Гриша жалко улыбнулся.
– Мне светит двенадцать лет лишения свободы в русской системе, а она ужасна, я это знаю, я видел, я не стану тебе врать, мон шер… Она убьет меня, это совершенно ясно… И я написал чистосердечное признание! С одним условием – до конца следствия и на период судебного процесса я останусь здесь, в «Лефортово». Не поеду в другую тюрьму. Я ненавижу русские тюрьмы. Поверь, я повидал их немало. Я везде побывал. И проникся. И не желаю туда ехать. Там – страшно. Вонь, грязь, ужасные уголовные рожи, теснота, болезни, голод… Ад! Ад для дураков!
5
Неожиданно снова загремел замок. В дверном проеме появился силуэт человека в коричневом пиджаке, розовой рубахе и сером галстуке. Незначительное лицо отягощала печать утомления.
– Здравствуйте, товарищи, – произнес он официальным тоном. – Я прокурор по надзору. Жалобы, претензии есть?
– Нет, – ответил я, хорошо различая все тюрьмы прокурора. Его шея маялась в тюрьме галстучного узла, обширный покатый живот – в тюрьме ремня. Багровый нос прокурора и щеки, покрытые сеткой сосудов, прямо указывали на тюрьму пристрастия к алкоголю, а унылый, нелюбопытный взгляд, равнодушно скользящий по мне и Грише, свидетельствовал о том, что сам род занятий чиновника, его работа, его способ добыть свой хлеб – тяготят его, надоели, обрыдли и тоже воспринимаются как тюрьма.

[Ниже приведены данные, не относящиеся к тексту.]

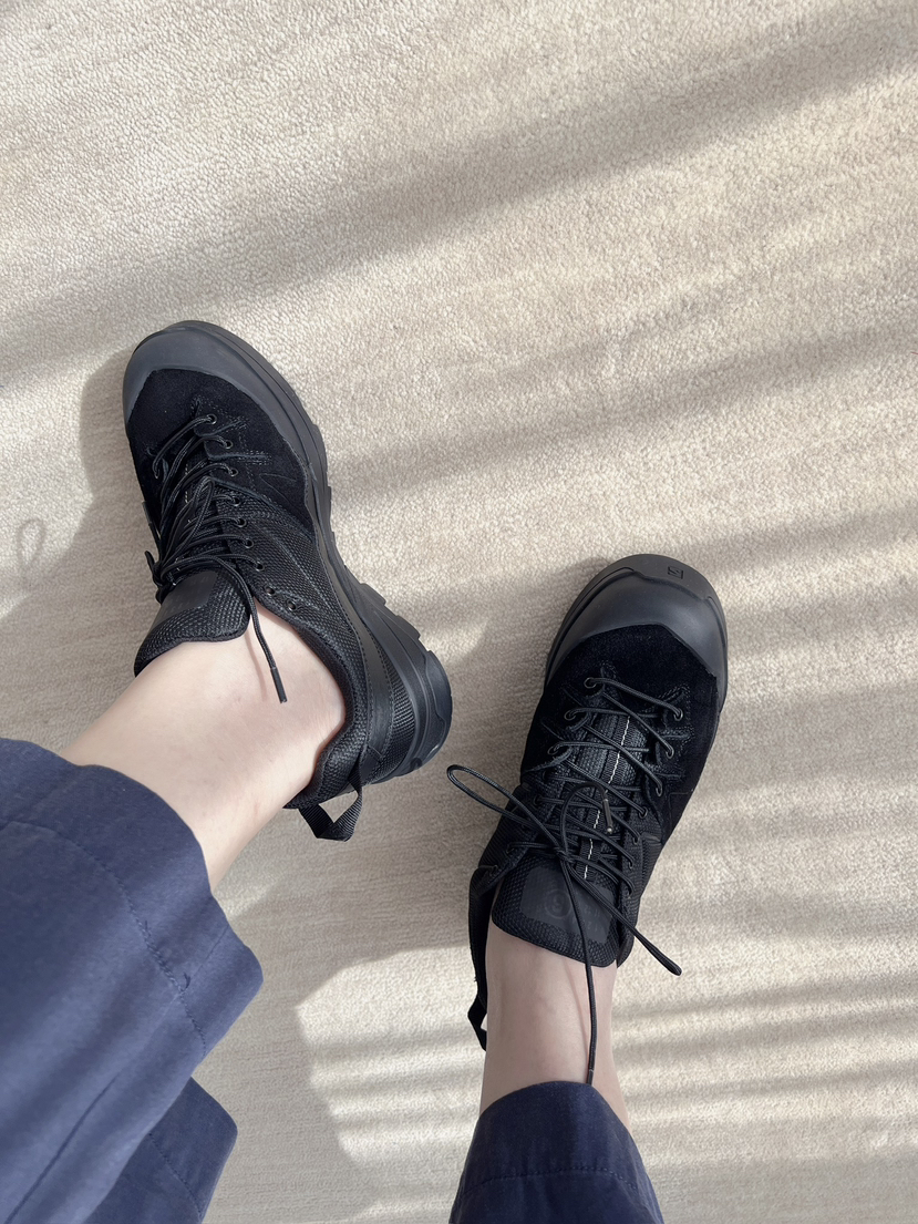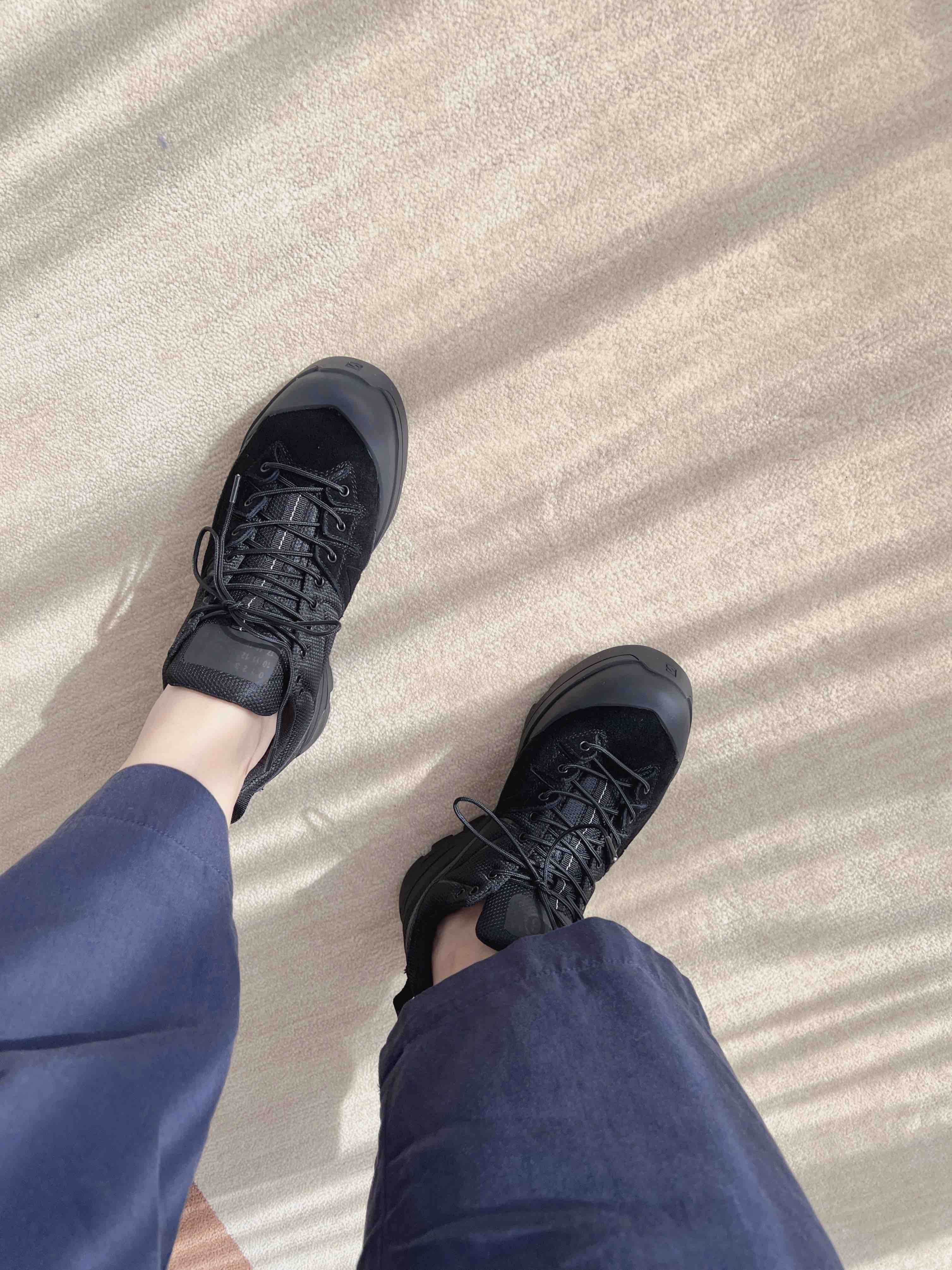 仔细看细节,鞋舌是这种半固定式的,就不用担心鞋舌走位,整体兼具户外登山功能,日常休闲运动,完全轻松应对。说实话,黑色穿去上班,一般是瞧不出有啥不对劲的,低调,冷静,高级,看得懂的都会心照不宣,嗯,这个人有品味的

Выслушав ответ, он немедленно повернулся и ушел – намертво засевший внутри своих собственных тюрем, неэнергичный, усталый человек.
Глава 26
1
– Наконец-то! – удовлетворенно произнес капитан Свинец и улыбнулся. Жизнерадостно, по-весеннему. – Наконец-то! Что характерно, я всегда в тебя верил! Я знал, что ты однажды мне все расскажешь. Ты поступил правильно. Молчать – не в твоих интересах…
Я уныло курил, размышляя о том, что со стороны смотрюсь в полном соответствии с ситуацией, так, как надо, с ног до головы: бледный, худой, с остановившимся потухшим взглядом, в несвежем спортивном костюме, в кроссовках без шнурков. Жалкий тюремный сиделец. Запутавший сам себя, изолгавшийся, бездарный, переоценивший свои силы глупец.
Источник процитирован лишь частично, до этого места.